Their value was almost purely symbolic -- like gold, ivory's not good for much except to show off and stockpile. And some of that symbolic worth must have derived from the sheer might of the animals they came from. It can't have been an accident that the massive ivory bracelets worn by Benin royals five centuries ago had elephant heads carved into them.

And even when one of these regal bracelets doesn't actually depict an elephant's splendor, the armband's huge size and weight must still refer to it. The arm of even the mightiest ruler slips easily within one small segment of tusk. That's a sign, no doubt, of the ruler's power -- of how far above his weight he punches -- but it's also maybe a tiny, subconscious reminder that there's something out there far bigger than him. As though to fight back against that image, one carved-ivory scepter shows a Kongo chieftain sitting on an elephant that is one-half his size. The ruler doth protest too much, methinks.

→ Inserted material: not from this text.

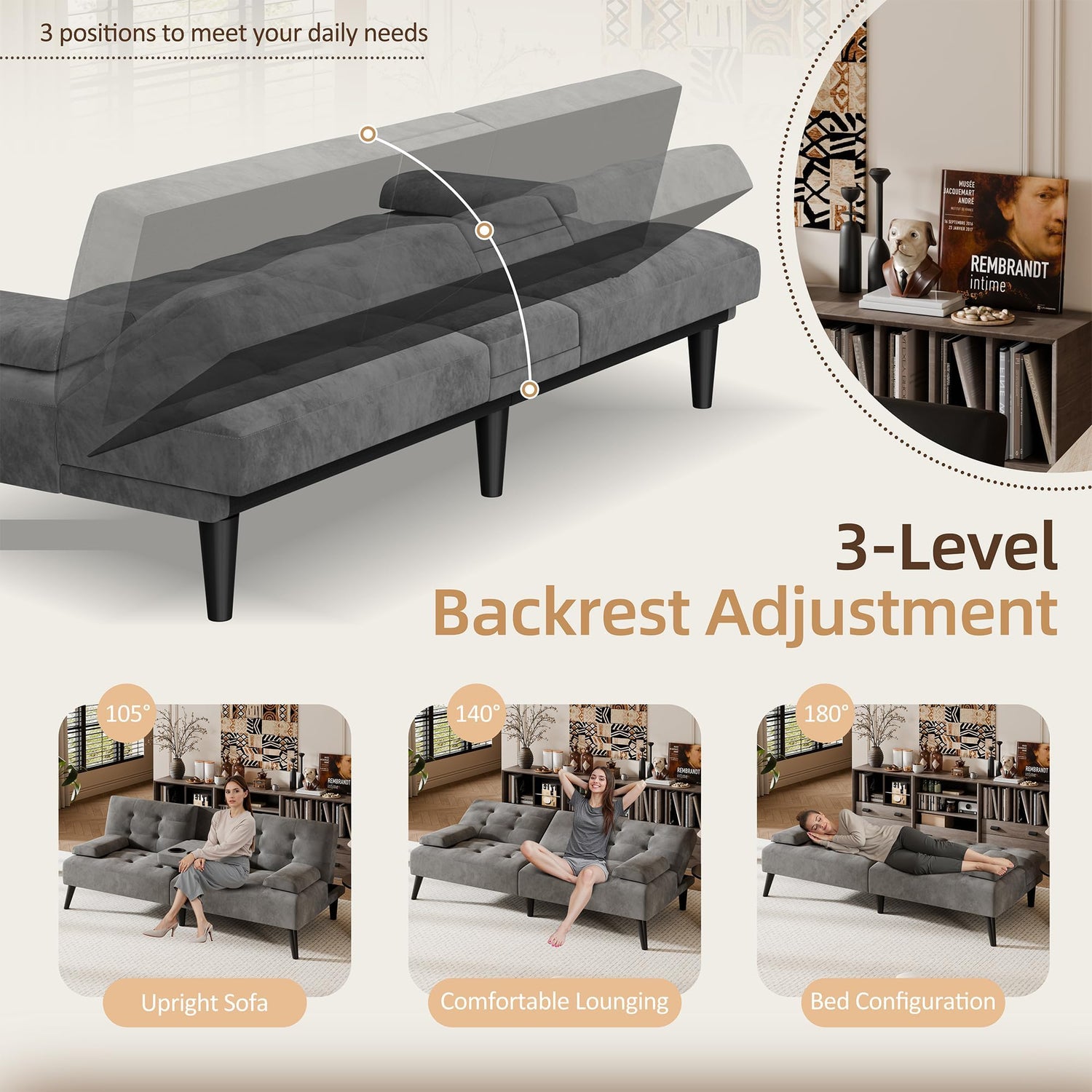 Shintenchi Futon Sofa Bed, Velvet Foldable Couch Reclining Sleeper w/Removable Armrests, Upholstered Loveseat w/Folding Cup Holders for Home, Office, Dark Gray

In the later 19th century, the snuff mortar of a Chokwe chief could take the form of a little cylinder of ivory, about the size of a spice bottle, with the head of a darker wooden figure acting as its lid. It looks as though the rest of his body has been caught inside the ivory tube, like the classic cartoon missionary boiling in a pot. Such a mortar certainly looks like a symbol of the way an elephant-empowered boss could dominate the little folk around him. Where an ivory bracelet may wrap a leader's arm, the smallest piece of tusk can smother the whole body of the weak.

Even some of the smaller, less ambitious ivories in this show don't let us forget where their material came from. Pins from the sedan chairs of Kongo chiefs were only 10 inches long and not even a half-inch wide, but were still carved to preserve the shape of tusks: They're like miniature reminders of the six-foot carvings in this show.

Various scepters and ceremonial fly whisks and carved figurines also recall the backward arc of tusks, as though their elephantine source is being evoked in the shapes they're given. European carvers believed in the utter transformation of the imported ivory blank into another kind of thing -- a crucifix, say, or a sexy naked Venus. It feels as though their African counterparts wanted to make images of men or women or gods that also kept an echo of a fighting pachyderm.

The show's most notable exception is an orb-shaped saltcellar from around 1500, which doesn't have a hint of elephant to it. It was carved by Africans, yes, but to the specifications of Portuguese patrons.